Weighing Benefits and Risks

Linkages with Environmental and Social Impact Assessments

The Issue

There is limited guidance on how BA negotiations, implementation, and monitoring should work with and complement Environmental Impact Assessment (EIA) processes. These parallel, but separate opportunities and processes, are complex and will be different for each project and context, making it difficult for First Nations to know how to divide resources and effort between them to maximum benefits and mitigate impacts.

EIA is a process of identifying, predicting, evaluating, and ultimately mitigating likely impacts of a proposed project.
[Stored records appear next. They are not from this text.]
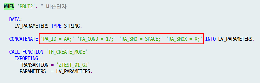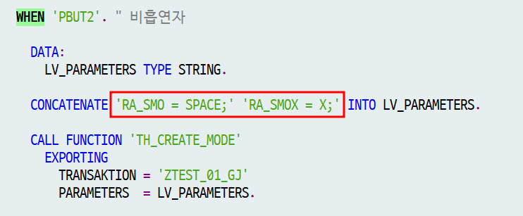 # ZTEST_01_GJ 파라미터 설정을 보면 RA_SMO, RA_SMOX 선언이 되어있다.
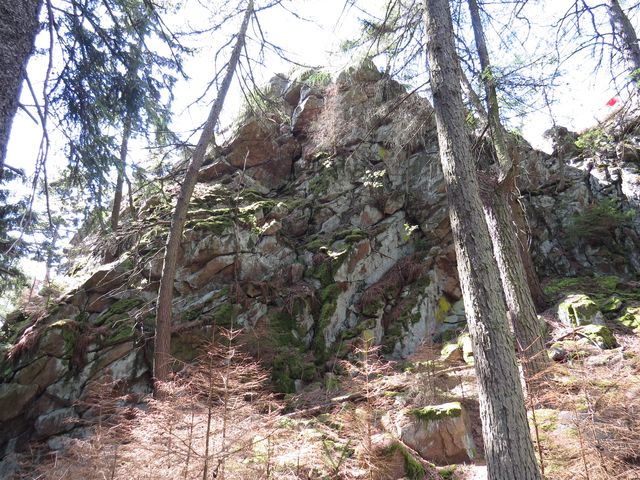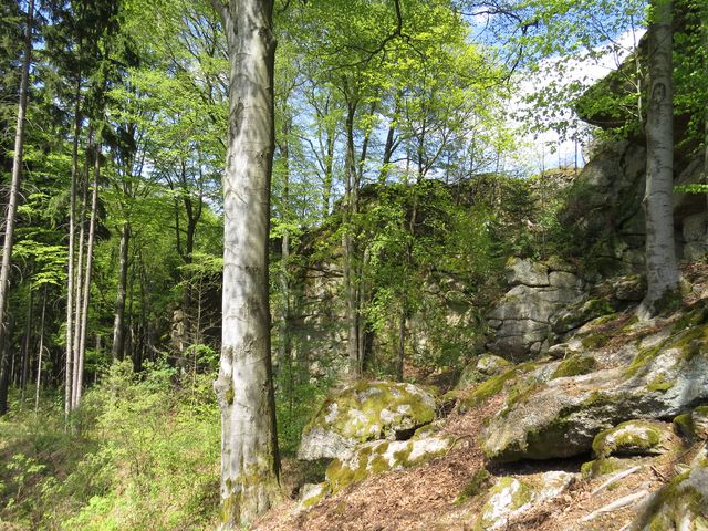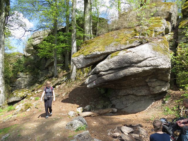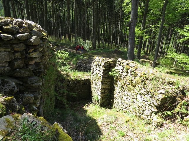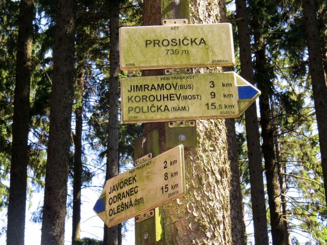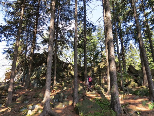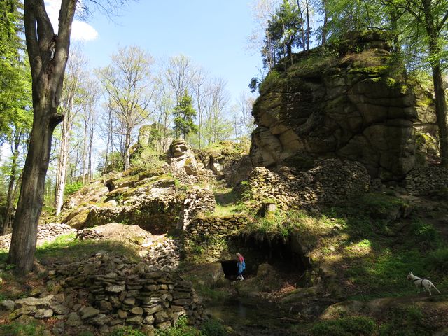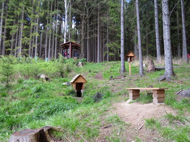 Neznačenou lesní cestou jsme sestoupili z rulového hřbetu tak, že jsme se správně napojili na červeně značenou trasu a po ní zanedlouho došli k Lesní studánce.
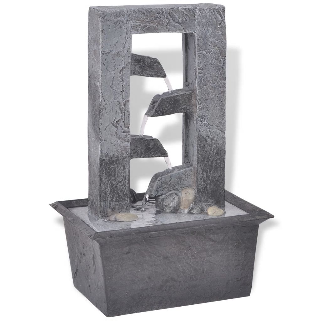 Dieser LED-Zimmerbrunnen ist eine ausgezeichnete Wahl, um eine natürliche Atmosphäre in Ihrem Wohnraum zu schaffen. Dieses rieselnde Wasserspiel wird jeden Dekor bereichern. Es ist LED beleuchtet, was, vor allem nachts, für einen wunderbaren visuellen Effekt sorgt. Hergestellt aus Polyresin, ist es UV-beständig, was bedeutet, dass es immer gut aussehen wird und bei direkter Sonneneinstrahlung seine Farbe behalten wird. Die vielen fließenden Wasserströme und das beruhigende Geräusch des tröpfelnden Wassers schaffen eine entspannende und meditative Atmosphäre. Die mitgelieferte, qualitativ hochwertige Pumpe sorgt für einen sicheren und zuverlässigen Betrieb. Dieses völlig eigenständige Wasserspiel kann überall in Ihrem Haus platziert werden.
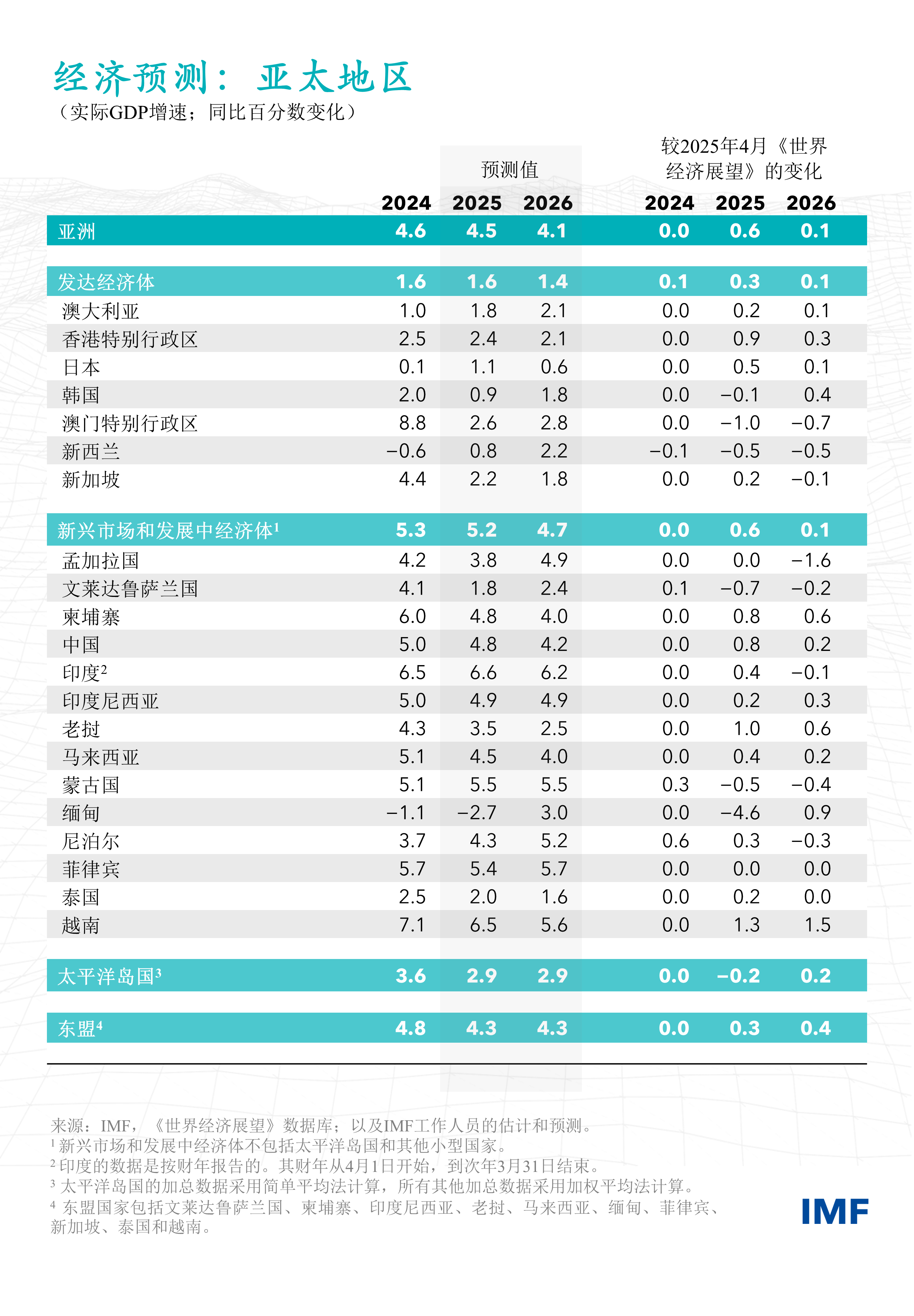 新華社香港10月24日電(黃茜恬)國際貨幣基金組織(IMF)24日在香港發(fā)布最新一期亞太地區(qū)經(jīng)濟(jì)展望報告,預(yù)計2025年亞太地區(qū)經(jīng)濟(jì)增速為4.5%,比4月預(yù)測提高0.6個百分點。
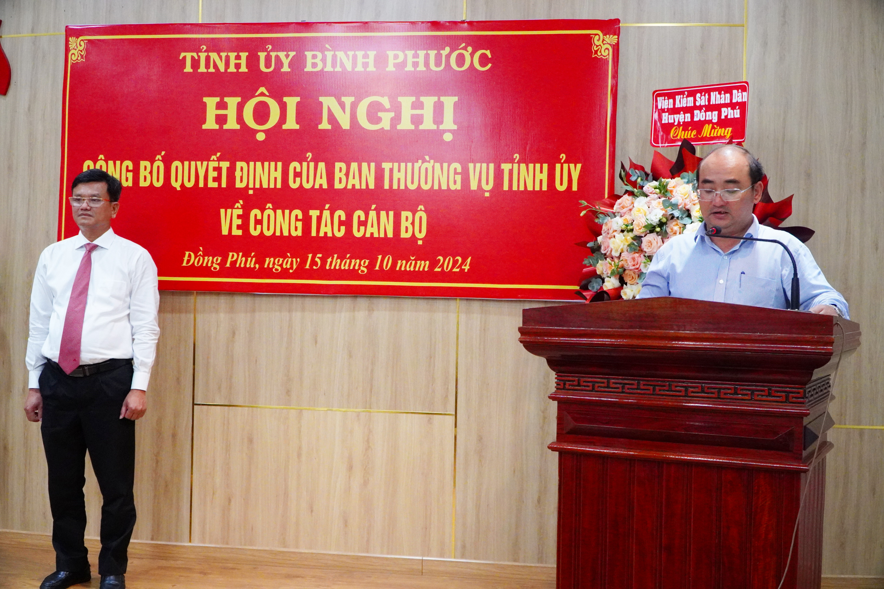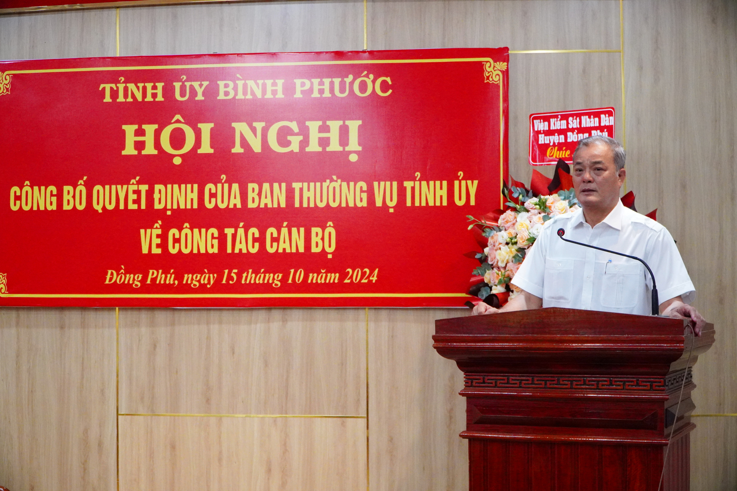Tại hội nghị, Trưởng Ban tổ chức Tỉnh ủy Nguyễn Hồng Trà đã trao quyết định của Ban thường vụ Tỉnh ủy điều động đồng chí Lê Văn Trân, Phó chủ nhiệm Ủy ban Kiểm tra Tỉnh ủy đến nhận công tác tại Ủy ban nhân dân, chỉ định tham gia Ban chấp hành, Ban thường vụ và giữ chức vụ Phó bí thư Huyện ủy Đồng Phú nhiệm kỳ 2020-2025; giới thiệu bầu giữ chức vụ chủ tịch UBND huyện Đồng Phú nhiệm kỳ 2021-2026.
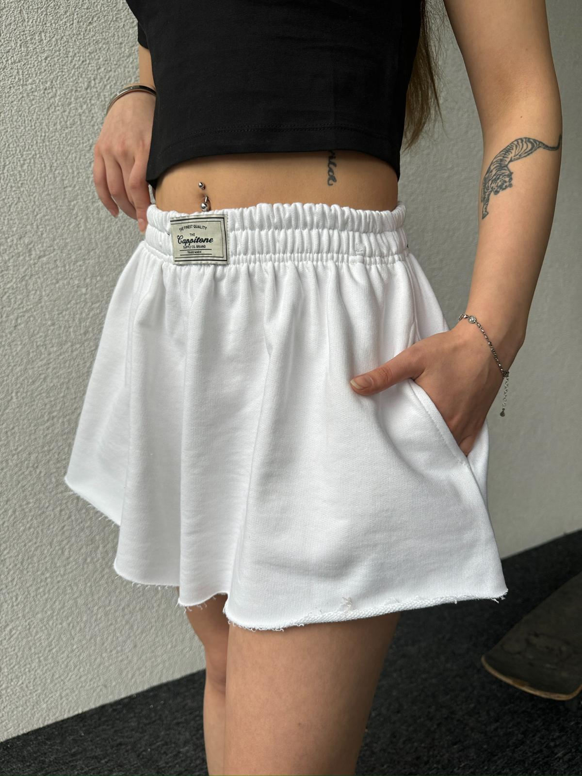 Cappmoda  ŞRT-16024 Beyaz Etiket Detaylı Kısa Salaş Lastikli Şort
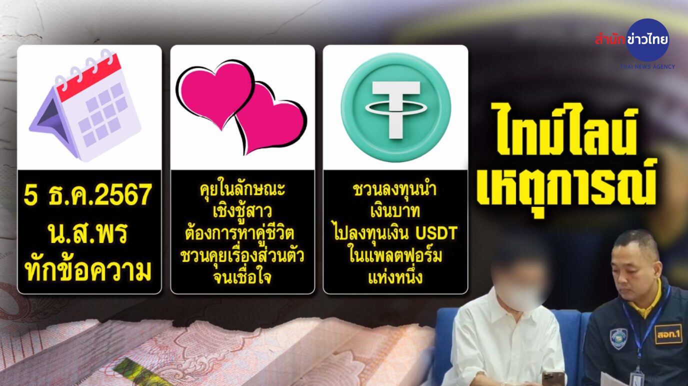นางสาวอ้อ อายุ 65 ปี อดีตพยาบาลผู้เสียหาย เล่าว่า เมื่อวันที่ 5 ธันวาคม 2567 มิจฉาชีพหรือ นางสาวพร (นามสมมติ) ทักข้อความมาหาตนผ่านแอพ TikTok และชวนพูดคุยในลักษณะเชิงชู้สาว และต้องการหาคู่ชีวิต และชวนคุยเรื่องส่วนตัวจนเตนเชื่อใจ จนผ่านไป 2 สัปดาห์ นางสาวพรได้ชวนตนลงทุน โดยอ้างว่าลงทุนร่วมกับป้าที่ทำงานในประเทศสิงคโปร์ ซึ่งป้าเป็นผู้เชี่ยวชาญด้านการลงทุน โดยการให้นําเงินบาทไทยไปซื้อสกุลเงินดิจิทัล ในแพลตฟอร์มชื่อดัง จึงหลงเชื่อและได้โอนเงินไปให้ครั้งแรกเมื่อวันที่ 10 มกราคม 68 ที่ผ่านมา 5,000 บาท จากนั้นผ่านไป 3 อาทิตย์ นางสาวพรได้ลองให้ตนถอนเงินออกมาเพื่อดูว่าได้กำไรเท่าไหร่ ซึ่งตนได้กำไรกลับมา 6,200 บาท
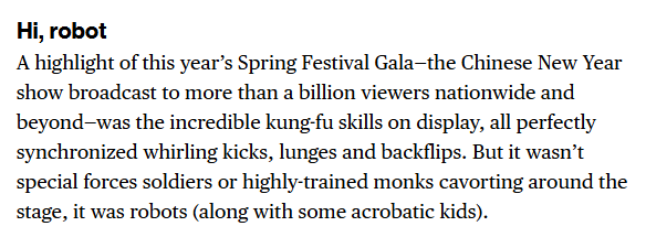 文章称,今年春晚的一大亮点,是舞台上精彩绝伦的武术表演,旋转踢腿、弓步、后空翻,所有动作都整齐划一。然而,在台上大展身手的并非特种部队士兵或训练有素的武僧,而是一群机器人。今年春晚的表演,彰显了中国自去年以来在该领域的飞速进步。而这些机器人的制造公司成立不到十年,目前已推出涵盖人形机器人和机器狗在内的丰富产品线。
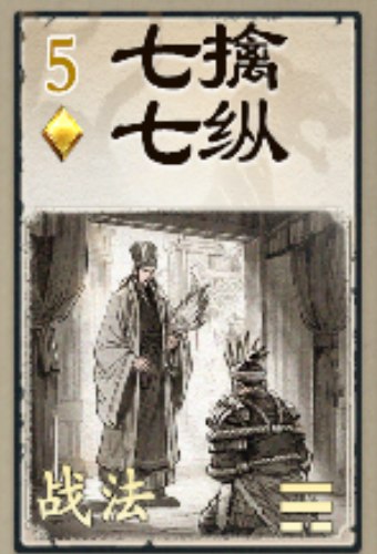 设计思路:以兵擒敌,以德服心,兵擒为金(♦),纵敌为策(免除伤害改为获得牌),锦囊妙计之五
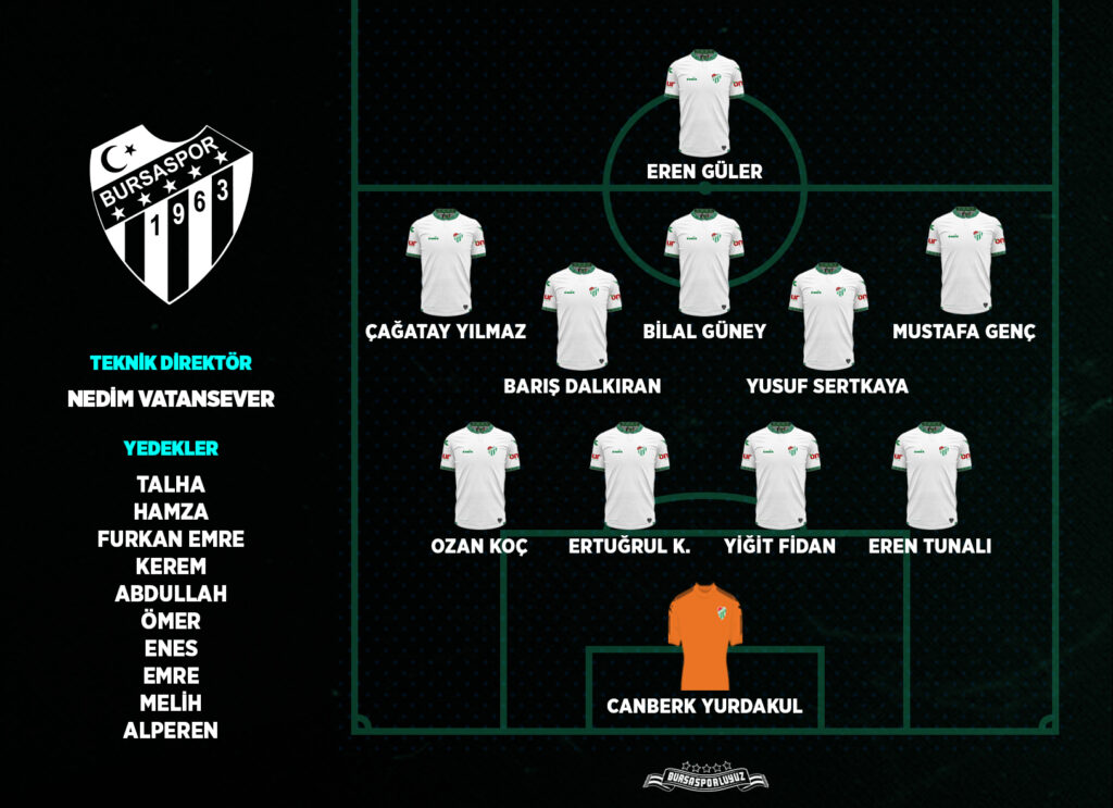 Bursaspor: Canberk Yurdakul, Ozan İsmail Koç, Ertuğrul Kurtuluş, Yiğit Fidan (63′ Furkan Emre Ünver), Eren Tunalı, Bilal Güney (67 ‘ Abdullah Tazgel), Yusuf Sertkaya, Barış Dalkıran (46′ Ömer Turan Görgüç), Çağatay Yılmaz (63′ Alperen Şirin), Mustafa Genç, Eren Güler (46’ Emre Tepegöz)

While it has been focused on biophysical impacts, the scope of EIA now often requires assessment of social, economic, health, and cultural impacts.

The timing of BA negotiations relative to EIAs as well as the ability of each to address the concerns of Indigenous communities depends on the project, the context and the IA process in the jurisdiction.

The EIA process can support BA negotiations by initiating discussions and including recommendations for improved benefit allocation to Indigenous communities (Hitch and Fidler 2007, McCreary et al., 2016, Gibson and O’Faircheallaigh 2015). In other cases, BAs signed prior to IAs or other regulatory processes have been used to negotiate consent for the project (Hitch and Fidler 2007, McCreary et al., 2016).